Work instructions: Give again, word for word, only the lines of the material below from its first line through the one that holds "Michael Kors Jet"; pictures stay out.

Dataset section:
*-*-*

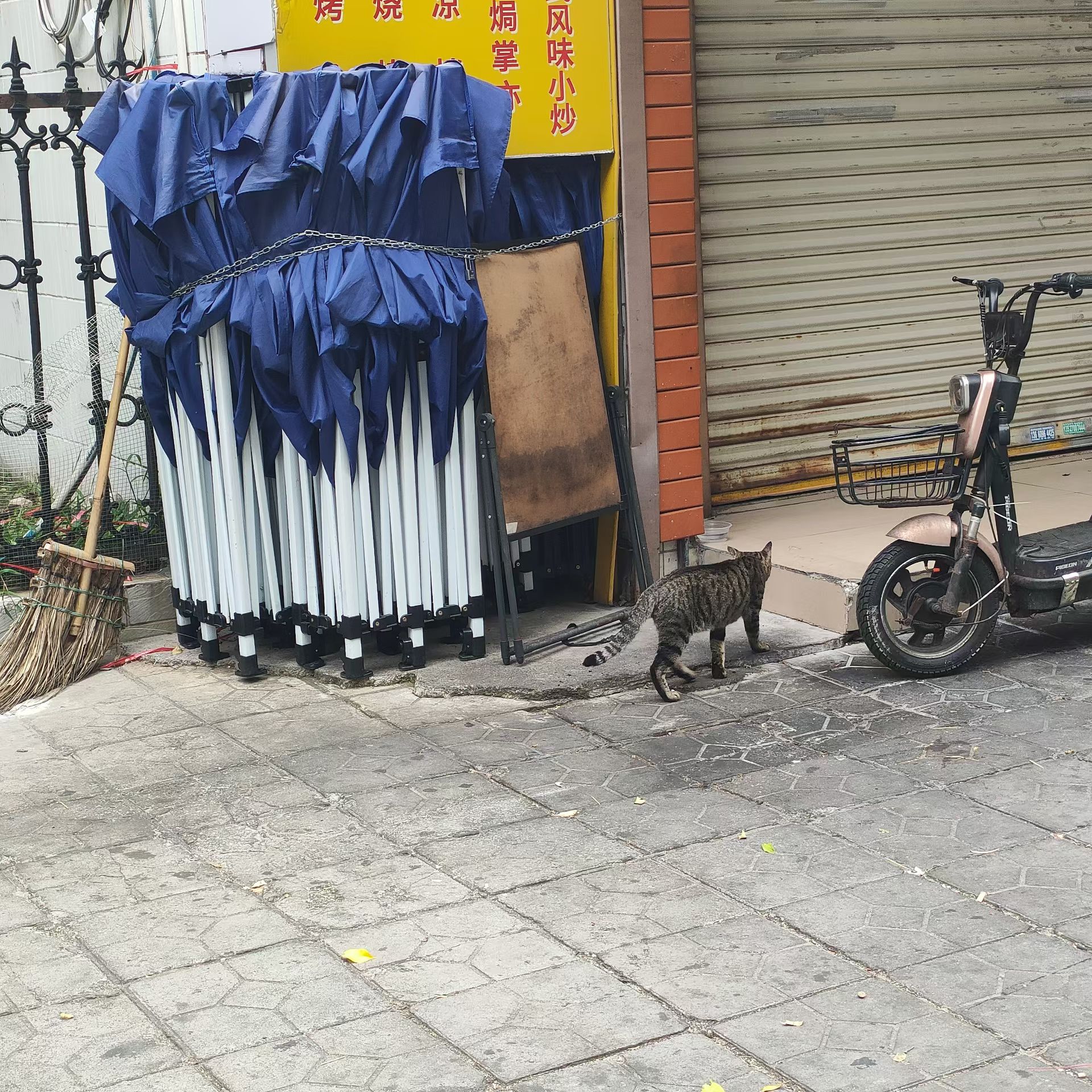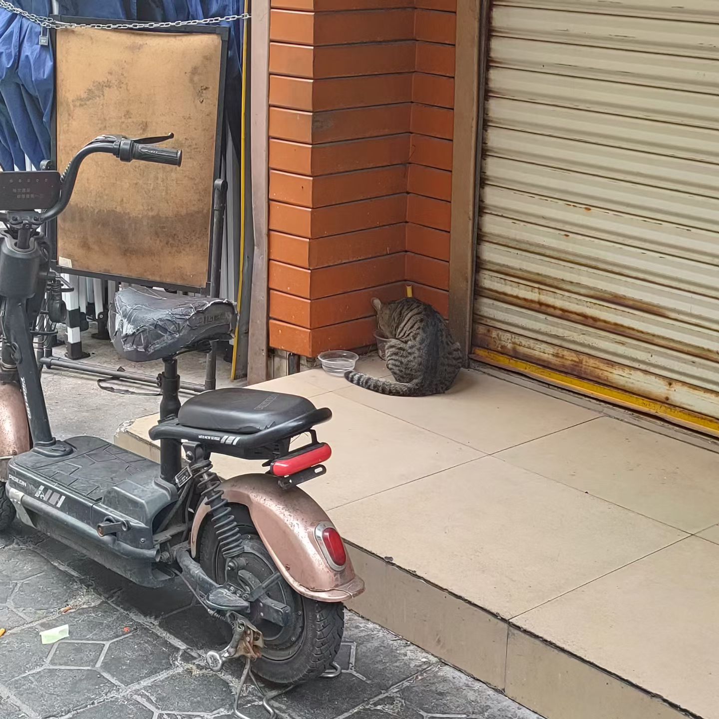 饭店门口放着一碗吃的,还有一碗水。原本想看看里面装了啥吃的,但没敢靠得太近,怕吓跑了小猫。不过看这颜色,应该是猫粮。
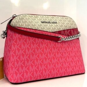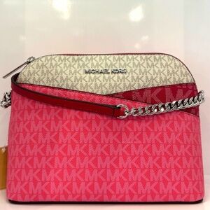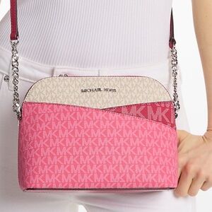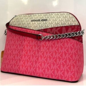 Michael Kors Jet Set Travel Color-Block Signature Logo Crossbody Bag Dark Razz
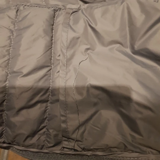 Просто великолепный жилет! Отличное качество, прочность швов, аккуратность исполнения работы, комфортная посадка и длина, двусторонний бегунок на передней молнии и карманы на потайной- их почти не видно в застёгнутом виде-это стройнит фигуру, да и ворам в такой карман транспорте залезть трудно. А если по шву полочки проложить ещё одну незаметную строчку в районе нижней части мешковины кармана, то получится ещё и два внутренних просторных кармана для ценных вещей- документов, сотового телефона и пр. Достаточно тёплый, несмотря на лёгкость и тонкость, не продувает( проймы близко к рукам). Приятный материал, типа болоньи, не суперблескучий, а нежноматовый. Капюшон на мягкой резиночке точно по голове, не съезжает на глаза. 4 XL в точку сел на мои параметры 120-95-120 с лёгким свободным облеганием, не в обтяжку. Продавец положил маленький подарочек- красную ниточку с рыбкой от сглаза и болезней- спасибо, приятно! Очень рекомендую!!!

*-*-*

Result of the task:
 饭店门口放着一碗吃的,还有一碗水。原本想看看里面装了啥吃的,但没敢靠得太近,怕吓跑了小猫。不过看这颜色,应该是猫粮。
 Michael Kors Jet Set Travel Color-Block Signature Logo Crossbody Bag Dark Razz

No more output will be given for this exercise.